> [THE TASK]
Without any pictures, the records below should be reproduced exactly.

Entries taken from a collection
"""

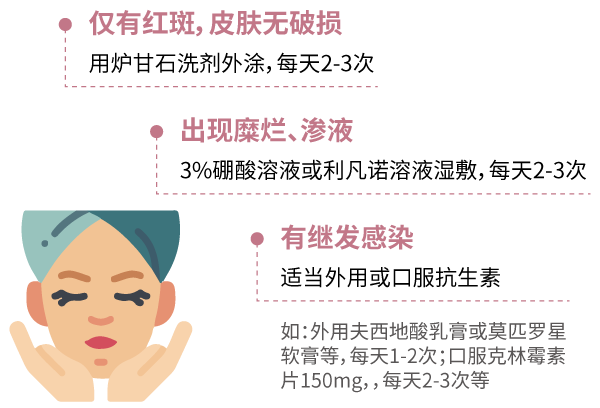 ⑥ 如果皮肤肿胀瘙痒,可以用0.9%的生理盐水湿敷,一般敷15~30分钟,能够很好缓解皮肤瘙痒、胀痛等症状。如瘙痒明显,医生建议用氧化锌软膏、糠酸莫米松乳膏或者他克莫司软膏外涂。
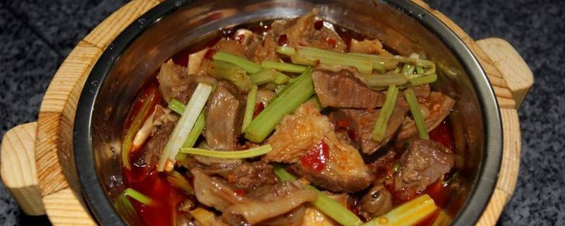 牛腩800克、芹菜100克、盐2克、孜然粉2克、茶籽油15克、生抽5克、辣椒粉5克、鸡精2克。
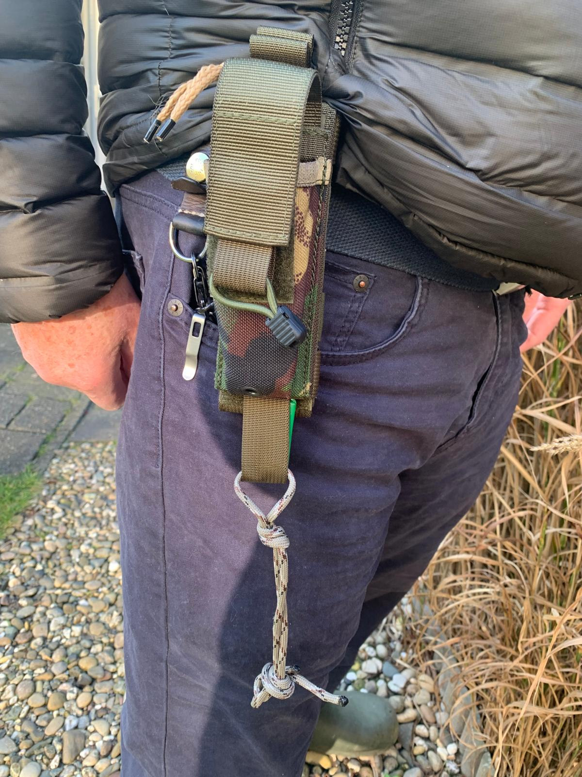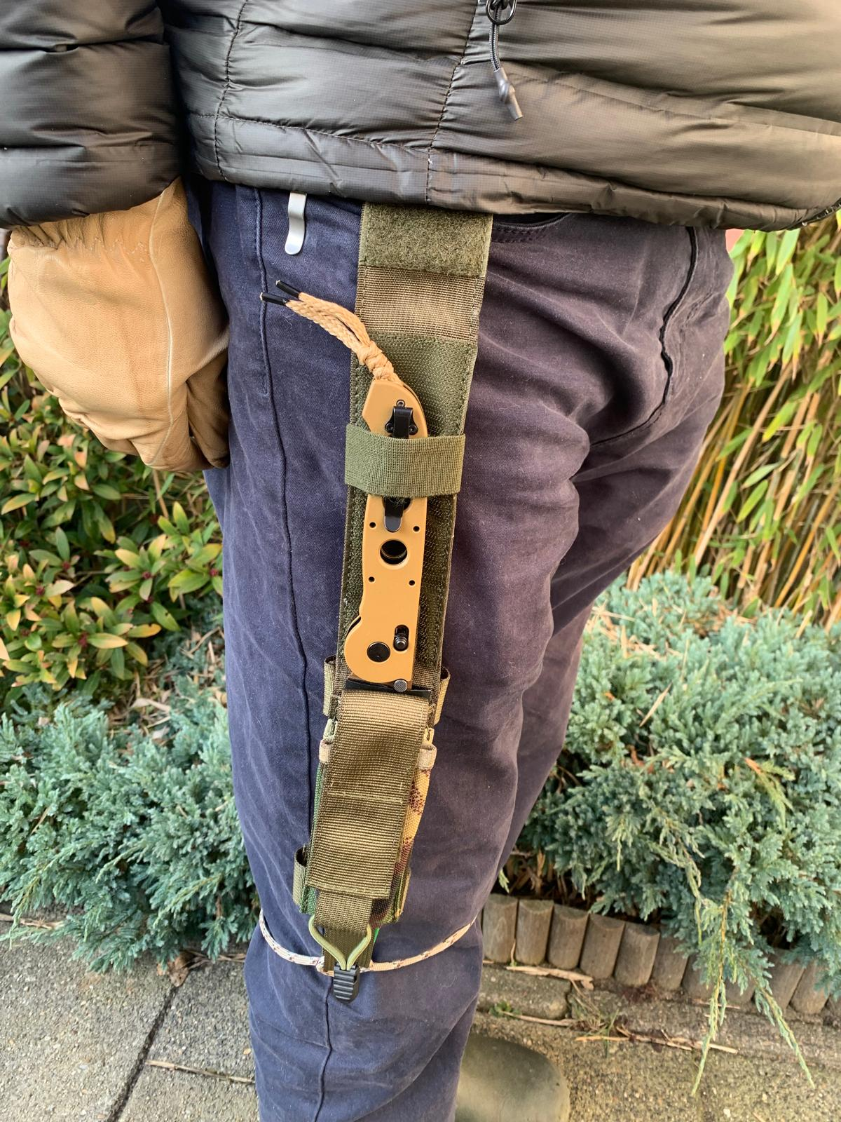 HET DRAGEN VAN HET UITGEKLAPTE M16-14 VOUWMES IN HET UITGEKLAPTE TACTISCHE HKD-FOEDRAAL : Zeer goed/.
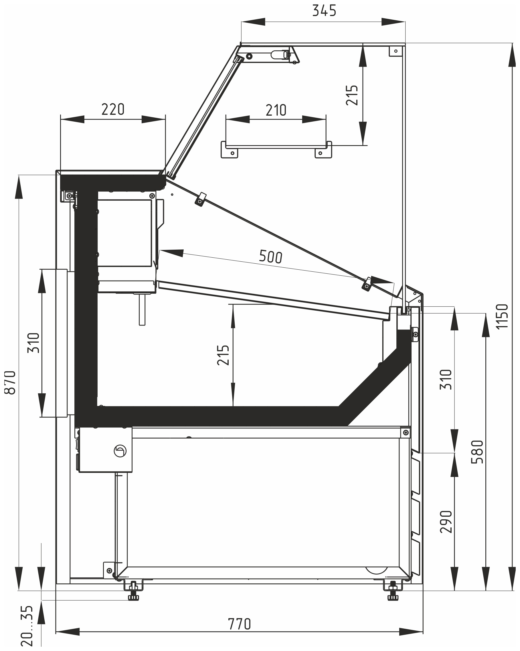 Конструкция витрины включает накопитель для продуктов, поддон для выкладки и регулируемые ножки высотой 20–35 мм. Столешница, зона выкладки, боковые и нижняя фронтальная панели, а также обшивка светильника и испарителя выполнены из стали серебристого цвета. Декоративная передняя панель — из стали, держатель стекла — из нержавеющей стали. Боковины и столешница имеют пенополиуретановую теплоизоляцию.
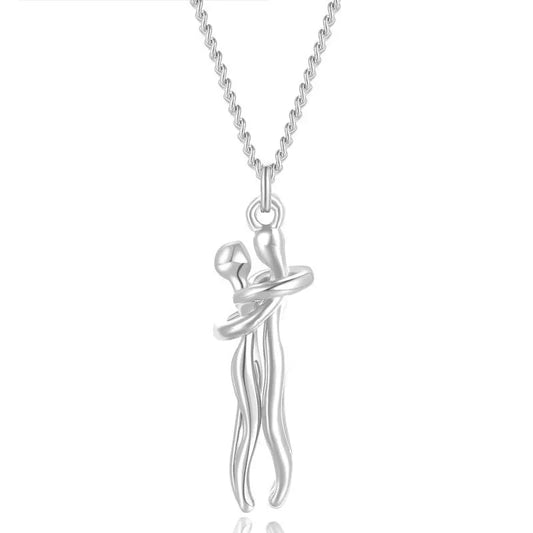 AUSHC - 1 Piece Simple Lovers Hug Necklace Personality Creative Titanium Steel Embracing Necklace Fashion Couple Chain Necklace Pendant

"""

> [OUTPUT OF THE TASK]
 ⑥ 如果皮肤肿胀瘙痒,可以用0.9%的生理盐水湿敷,一般敷15~30分钟,能够很好缓解皮肤瘙痒、胀痛等症状。如瘙痒明显,医生建议用氧化锌软膏、糠酸莫米松乳膏或者他克莫司软膏外涂。
 牛腩800克、芹菜100克、盐2克、孜然粉2克、茶籽油15克、生抽5克、辣椒粉5克、鸡精2克。
 HET DRAGEN VAN HET UITGEKLAPTE M16-14 VOUWMES IN HET UITGEKLAPTE TACTISCHE HKD-FOEDRAAL : Zeer goed/.
 Конструкция витрины включает накопитель для продуктов, поддон для выкладки и регулируемые ножки высотой 20–35 мм. Столешница, зона выкладки, боковые и нижняя фронтальная панели, а также обшивка светильника и испарителя выполнены из стали серебристого цвета. Декоративная передняя панель — из стали, держатель стекла — из нержавеющей стали. Боковины и столешница имеют пенополиуретановую теплоизоляцию.
 AUSHC - 1 Piece Simple Lovers Hug Necklace Personality Creative Titanium Steel Embracing Necklace Fashion Couple Chain Necklace Pendant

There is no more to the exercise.